Thanks for the reply Clubman but should the bank have informed me earlier that this was going to happen and given me the chance to vary the payments in line with the rates.
 
A variable rate loan would have fixed payments the whole way through but may end up with an extra payment at the end of the term due to increase in interest....

A fixed rate will have fixed payments and fixed term and that won't change.
 
A variable rate loan would have fixed payments the whole way through but may end up with an extra payment at the end of the term due to increase in interest....
Not in my own direct (mortgage) and indirect (people I know with personal loans) experience. With such variable rate loans the repayments varied as the rates varied and the term/number of repayments remained fixed.
 
Not in my own direct (mortgage) and indirect (people I know with personal loans) experience. With such variable rate loans the repayments varied as the rates varied and the term/number of repayments remained fixed.


In my own direct (I work in this business) experience a personal variable rate loan would work that way. i.e repayments remain the same but term extend.

A mortgage is different though. Repayments will increase in this case.
 
I would also have expected to see the term extend or contract in response to the change in interest rate over the life of the loan. As personal loans tend to be an order of magnitude smaller in value, payments and duration, changes in interest rates don't have as dramatic effect on the payments as they would on a mortgage. It would also cost them roughly the same to process a payment change each time rates changed on a mortgage as a personal loan, but for less profit. It's far easier to let the interest accumulate and work out any extra payment at the end.

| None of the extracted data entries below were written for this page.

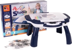 Het tafeltje is gemaakt van hoogwaardige kunststof, heeft stabiele pootjes die kunnen worden gedemonteerd en een praktische handgreep voor gemakkelijk dragen. De voeding werkt op 3× AA 1,5 V-batterijen (niet inbegrepen). In de verpakking vind je ook 6 gekleurde stiften, zodat je direct na het uitpakken kunt beginnen met tekenen.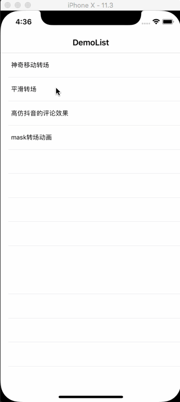 3.对于一些简单的转场动画(例如平滑转场),到此就已经完成了所有的转场任务.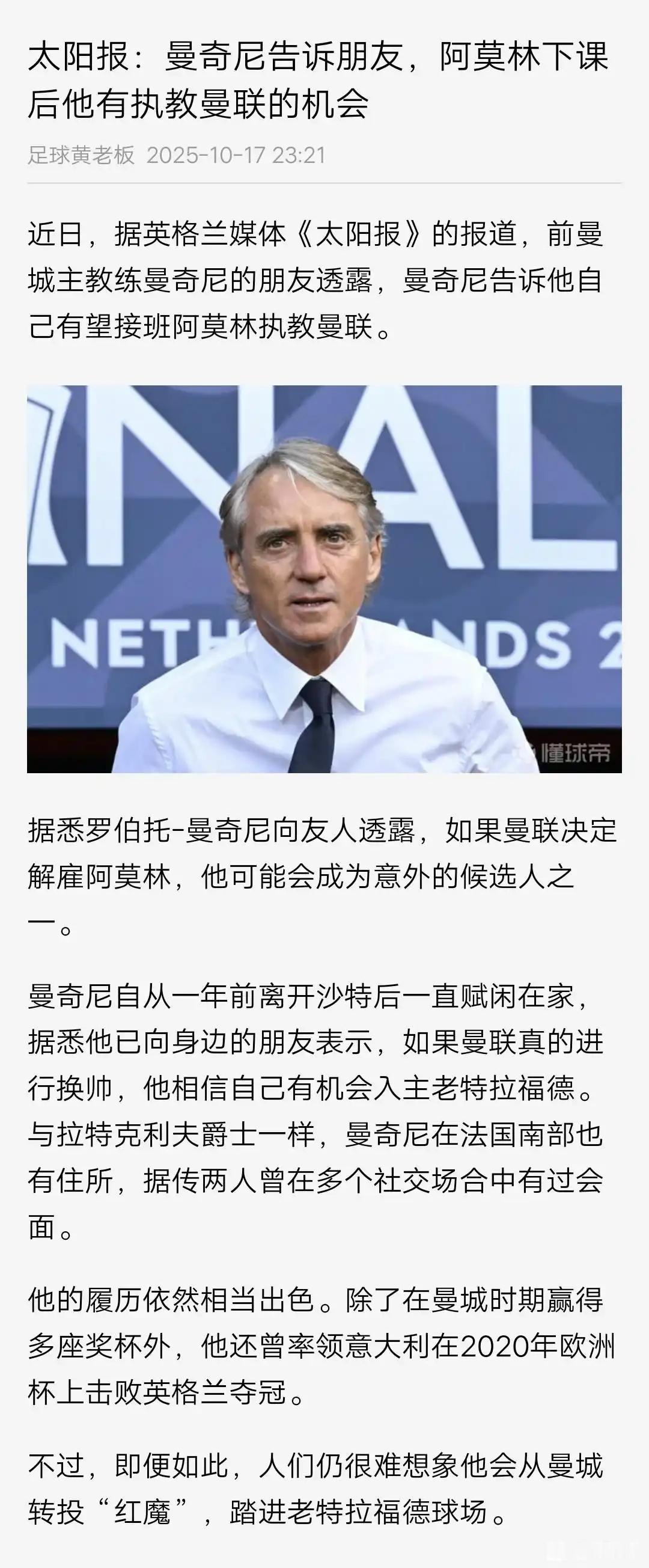 曼奇尼说他会执教曼联? 本周末曼联对利物浦,如果惨败估计阿莫林要下课。 如果曼联赢下利物浦,曼奇尼在做梦! 我就认为曼联换不换帅,对利物浦的比赛很重要。 输赢就在一场比赛,其实也合理。[偷笑]
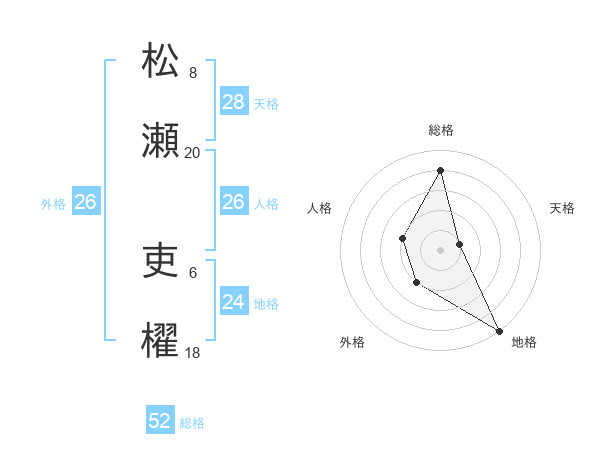 松瀬 吏櫂さんの外格は26画の2点!

I am not an apologist for the banks, mind! They should have spotted this a year ago and given you a chance to up your payments then, or at least informed you the term would be increasing. Doing so with only a few months left is shoddy communication.

As a general point on variable loans, I would encourage anyone with one to (where cash flow allows it) to overpay. By, say, rounding up to the next €10 / €25 / €50 a month you could knock several months off the term, saving interest and money in the long term. With compound interest effects, the early payments consist of mostly interest, barely touching the capital, so any overpayment would start eating into the capital sooner, reducing future interest charges etc etc.
 
Hi Yakuza you are right it was shoddy communication which was my exact point, i would have had no problem paying extra few bob but i did not get the chance. So anyway i got a letter from them yesterday saying that they were investigating my complaint and would get back to me. Which was better than what my local branch said who told me not to make a scene on the phone as thay would not give me another loan and also that i was availing of free banking.
 
Were your payments made by standing order or direct debit?

If it's the latter then they should vary with any changes to interest rates.

Standing orders however must be manually amended by the Bank. They will not have the resources to change every single one of them every time there's an interest rate change.